Журчит ручей среди прекрасной рощи,
протягивает Аполлон, паскуда,
мне в руки лиру, спрашивает: хочешь?
А у меня не вымыта посуда.
. . .
Время — вещь, говорил нам лондонский антиквар.
У него есть тело, и оно никуда не девается.
Чем дольше живешь, тем острее чувствуешь: не меняется
ничего, все сохраняется, ничего не теряется,
даже от выкипевшего супа пар
у антикваров где-нибудь сберегается.
И предлагал нам свой залежалый товар:
обручальное кольцо белого золота с шестью бриллиантами,
в котором его сестра выходила замуж,
но, видимо, не раздумывала над вариантами,
и молодожены быстро расстались.
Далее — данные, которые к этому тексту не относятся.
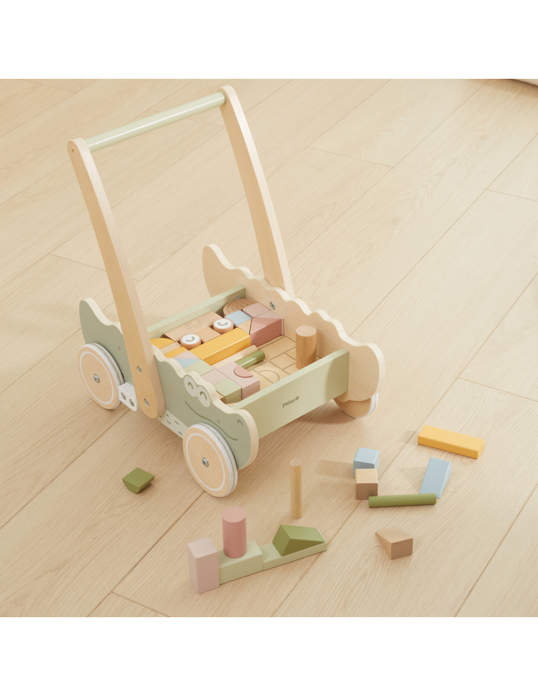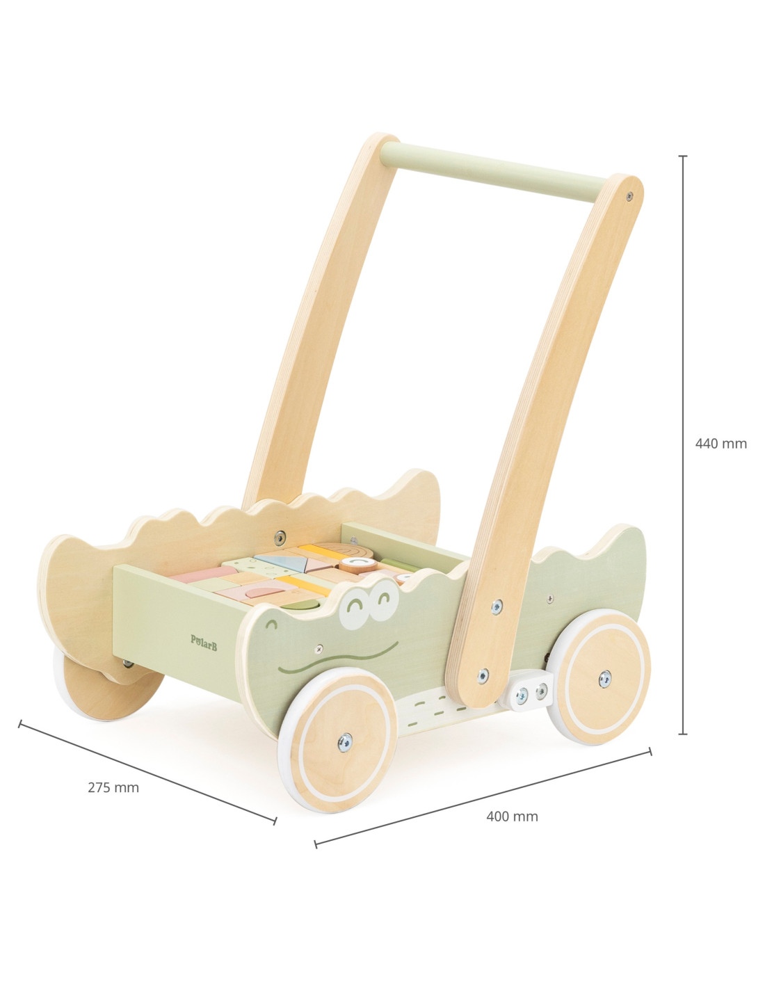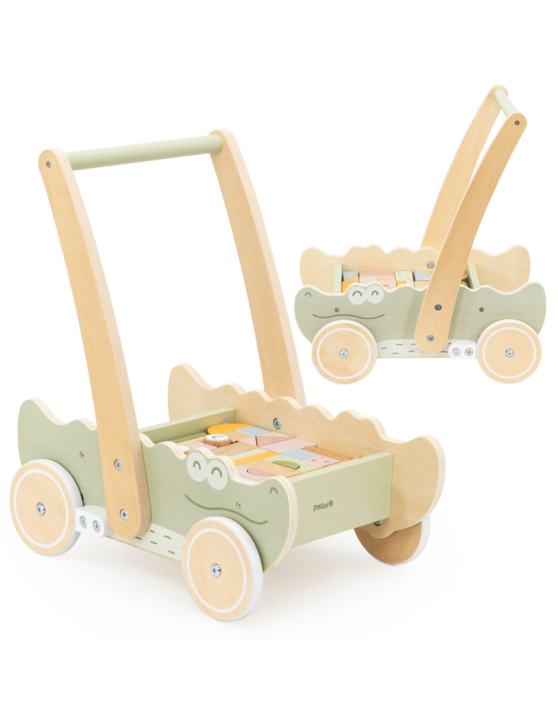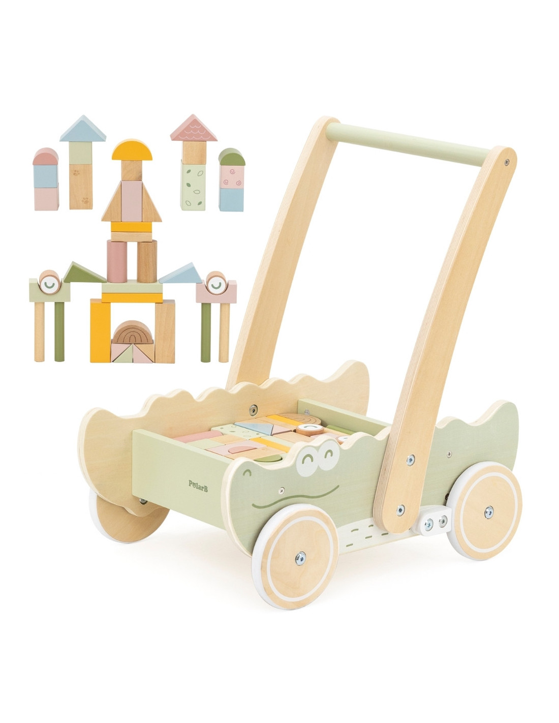 Discover the joy of first steps with our adorable crocodile -shaped push walker ! This multi-functional toy is the perfect companion for your little one's development. The stable construction and comfortable handle provide safe support as they learn to walk, while the colorful blocks inside the walker encourage creative play and motor skills development.

Да уж.
Показывал изящные серьги с сапфирами
и колечко с крупным аквамарином,
бронзовую черепаху и китайца с дельфинами,
и слона красного дерева, но Марина
вдруг увидела часы Рене Лалика —
бессмертный модерн, цветы и птицы,
и влюбилась в них мгновенно, дико,
так что мы решили Лалика коллекци-
онировать, потом, когда эти тыщи,
потраченные, не превратят нас в нищих.
А мне понравилась фигурка мейсенского фарфора
“Купидон точит стрелу”. Крылатый бутуз
вострил на колесе с хитрой улыбкой вора
свое оружие, спрятавшись за какой-то куст,
аж с 1779-го года, вот умора.
Мы ничего не купили. Я вообще-то искал
маленькую настольную гипсовую Евтерпу,
но не нашел, разозлился и на обратном пути ворчал,
хоть Евтерпа была рядом, но нервы, нервы.
А антиквар обиделся. Да нам-то какое дело?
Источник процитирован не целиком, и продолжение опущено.